Editorials

ARIZONA HIGHWAYS
Published in the Interest of Good Roads by the ARIZONA HIGHWAY DEPARTMENT
A PLATFORM FOR AMERICAN HIGHWAY DEVELOPMENT
The American Road Builders' Association, comprising in its membership representatives of those public officials, educators, engineers, contractors, manufacturers and others who are responsible for the development of sound principles of highway planning and for their application to meet the needs of the American people, have formulated many policies for highway development during the period just ahead of us.
To insure an adequate consideration of the conditions that now confront highway improvement, it is necessary that industrialists, business men, public officials and taxpayers all see the highway system of the United States as something more than a certain mileage of improved roads over which they may drive their motor cars.
The American Highway system is in fact that indispensable servant of a wide variety of social and economic activities that touch intimately the lives of all. It helps also to achieve a political unity for the nation and to develop a national consciousness that is a valuable safeguard against the influence of sectionalism. But quite aside from these social and community values is the fact that the highways provide the foundation upon which rests approximately onetenth of the employment and industrial activity of the nation. A striking variety of industries, trades, crafts, services and other occupations are dependent on them; the manufacture and sale of motor vehicles from the raw materials to the dealer's floor, the production, refining and transportation of gasoline and lubricants, the manufacture and distribution of tires and other motor accesories, the building and operation of service stations, filling stations, garages and parking lots, the writing of automobile insurance, the operation of wayside stands all these and many more provide employment in private enterprise for billions of dollars of capital and millions of our people. All this employment is contingent on the development and maintenance of a national highway network equal at all times to the requirements of modern motor transportation.

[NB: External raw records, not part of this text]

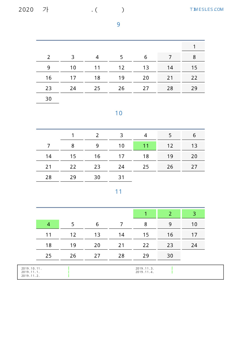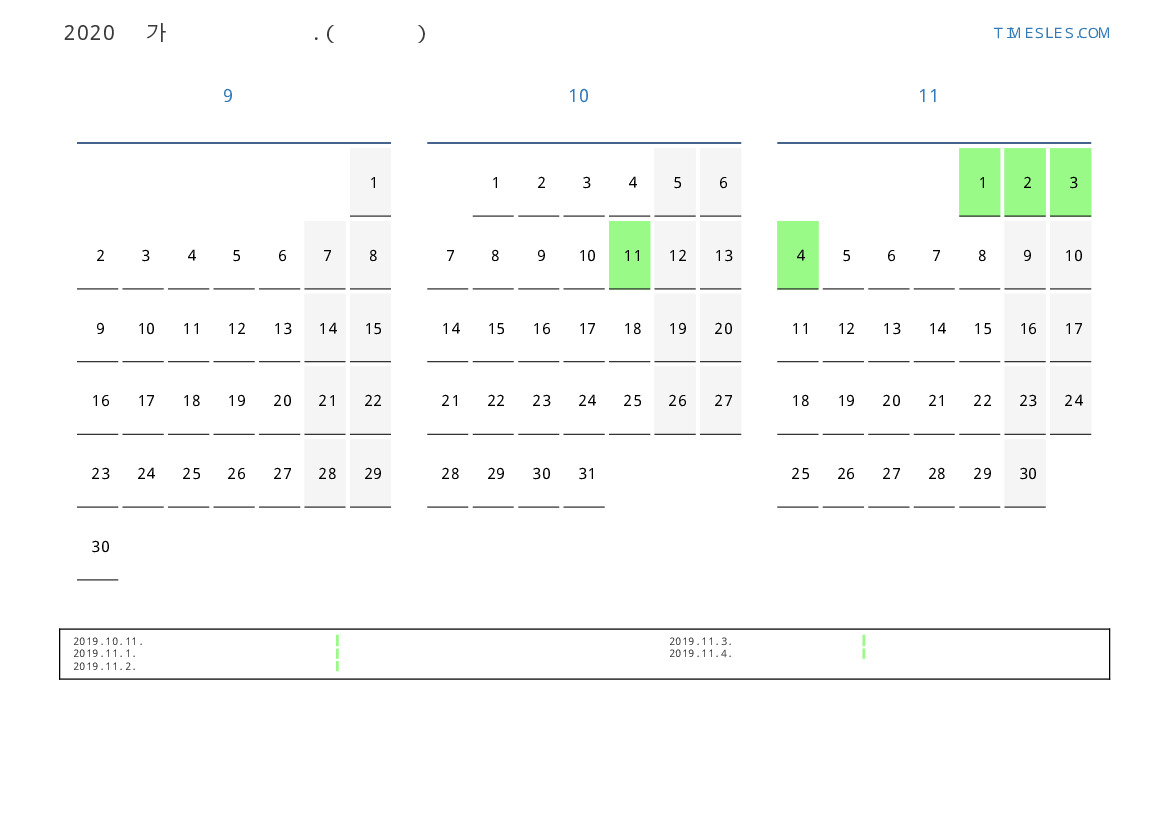 연휴가있는 계절별 세로 달력
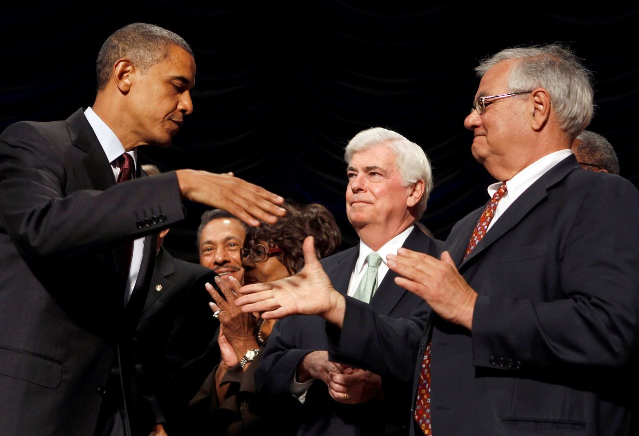 2010年,巴拉克·奧巴馬總統與《多德-弗蘭克華爾街改革和消費者保護法》的共同提案人蔘議員克里斯托弗·多德和眾議員巴尼·弗蘭克。圖片來源:拉里·唐寧/路透社錫安銀行集團(Zions Bancorp)董事長兼首席執行官哈里斯·西蒙斯當時資產規模剛超過500億美元門檻,他在2017年向參議院議員表示,他的銀行不存在"那些特大型銀行機構特有的系統性風險”。
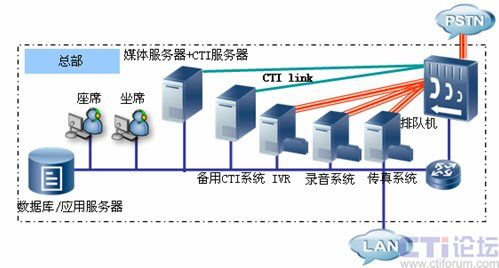 北京為總部中心,將部署CTI服務(wù)器、IVR服務(wù)器、錄音系統(tǒng)、傳真系統(tǒng)、文件服務(wù)器及相關(guān)業(yè)務(wù)數(shù)據(jù)庫服務(wù)器,為各個營業(yè)網(wǎng)點提供業(yè)務(wù)支撐?偛繉φ麄網(wǎng)絡(luò)進(jìn)行管理,包括平臺配置、業(yè)務(wù)管理、數(shù)據(jù)管理、人員調(diào)度等。在總部CTI系統(tǒng)我們采用主備模式,確保了在出現(xiàn)網(wǎng)絡(luò)故障主CTI系統(tǒng)無法提供服務(wù)情況下,備用CTI系統(tǒng)將接替主CTI系統(tǒng)工作,確保了整個系統(tǒng)的正常工作。硬件平臺方面,UAP我們采用了雙主控板雙電源供電工作模式,這對系統(tǒng)長期穩(wěn)定工作提供了保障。總部同時也部署北京農(nóng)村商業(yè)銀行300個坐席人員,這些坐席人員可以按照業(yè)務(wù)進(jìn)行區(qū)分,大部分坐席精通一般的業(yè)務(wù),為普通客戶提供優(yōu)質(zhì)服務(wù),少部分坐席(專業(yè)坐席)人員為高價值客戶提供高級的專業(yè)的優(yōu)質(zhì)服務(wù),在普通坐席比較忙時,專業(yè)坐席可以為普通用戶提供服務(wù),坐席中,還有極少部分可以充當(dāng)坐席管理員角色,他們也可以監(jiān)控各個分中心坐席服務(wù)的質(zhì)量,對有問題服務(wù)可以實現(xiàn)監(jiān)聽、監(jiān)察、和強拆功能,及時的保證服務(wù)質(zhì)量,維護了企業(yè)形象。
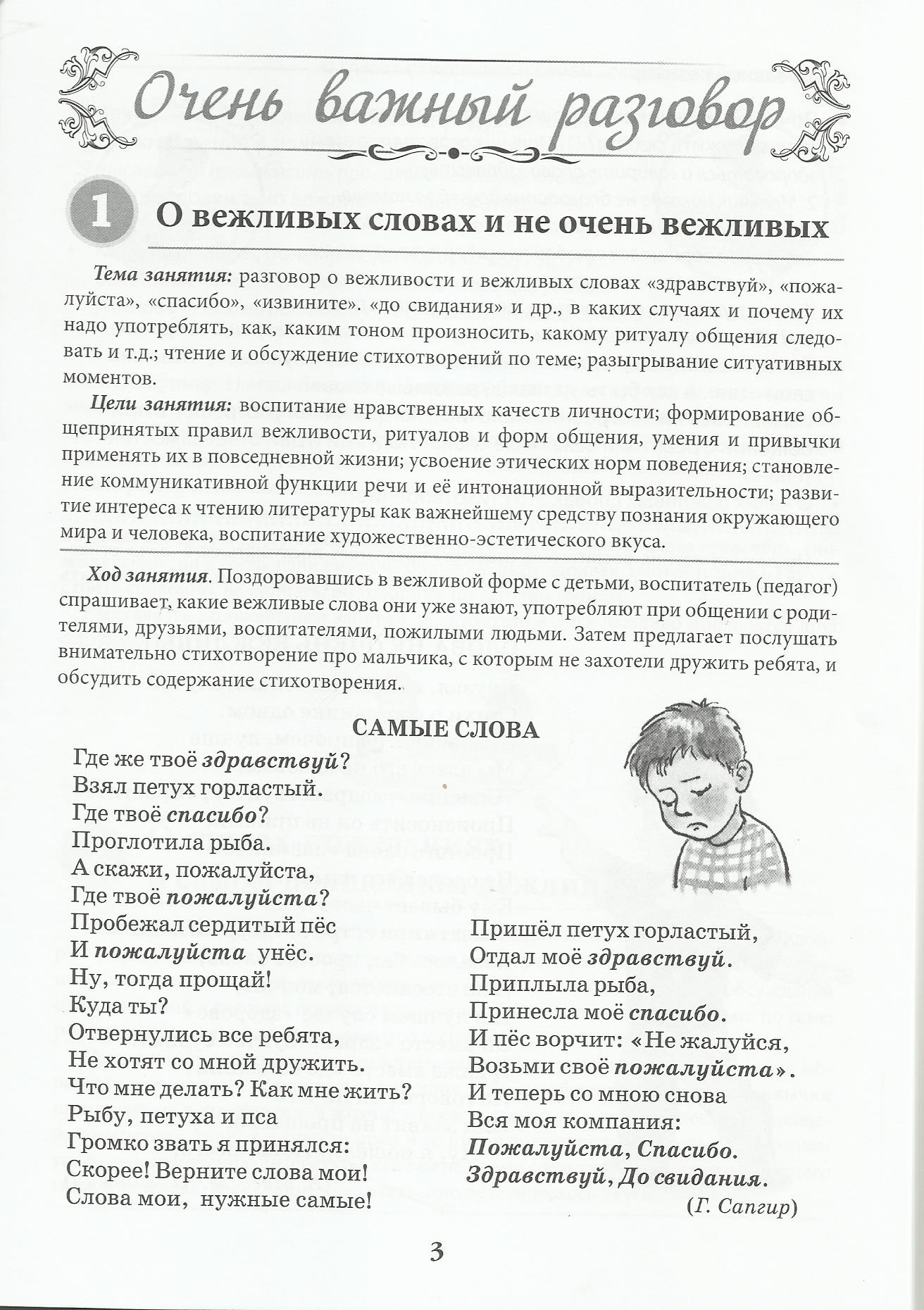 ДУРОВА Н.В. ОЧЕНЬ ВАЖНЫЙ РАЗГОВОР… Конспект занятий по обучению детей этике и этикету: методические рекомендации, тематические рассказы и стихи, вопросы для обсуждения, контрольные ситуативные текст-задания.- М.: Школьная Книга, 2024.- 64 с.: ил.
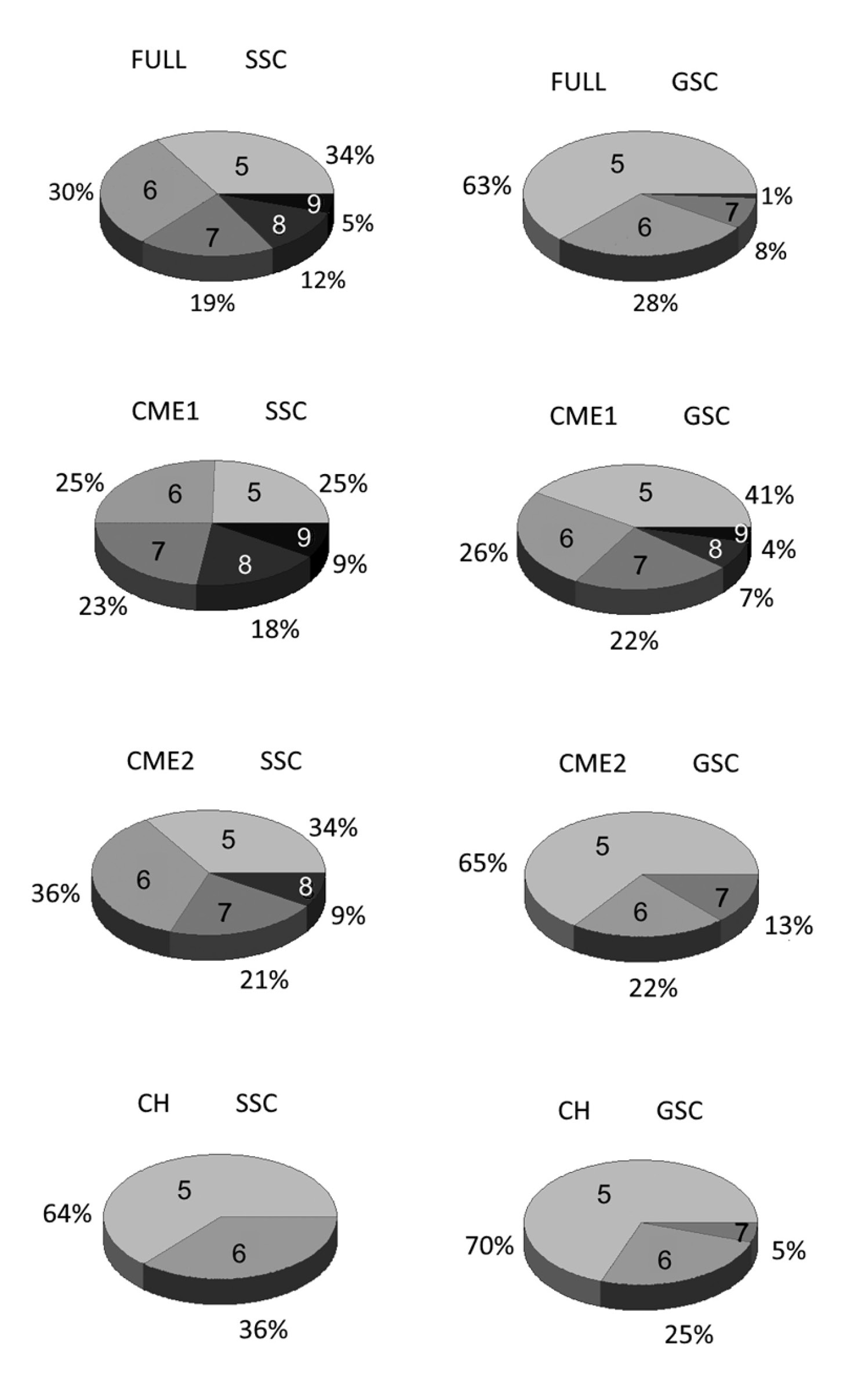 Рис. 1. Круговые диаграммы параметра Kpmax в группах FULL, СМE1, СМЕ2, СН для событий с внезапным (SSC) и постепенным (GSC) началом (Kpmax ≥ 5—).

The actual design and construction of the highway, including the production and distribution of all the necessary materials and equipment, constitute after all, but a minor fraction of the industry trade and employment that are dependent on the highways. We know of no other investment of public funds by the American people that ever has paid so richly, both in social and community values and in actual employment and profits in private enterprise. Our highway investment, already made and yet to be made, will continue to pay on a comparable scale if the American people will but understand these facts.
OUR COVER PICTURE
Here is the grandfather of the chain of man-made lakes which have made the Arizona desert blossom as the rose. The photograph, by Norman G. Wallace, is of Roosevelt Lake, reached over Highway 88, or better known as the Apache Trail. This lake is situated in a region made famous in song and story.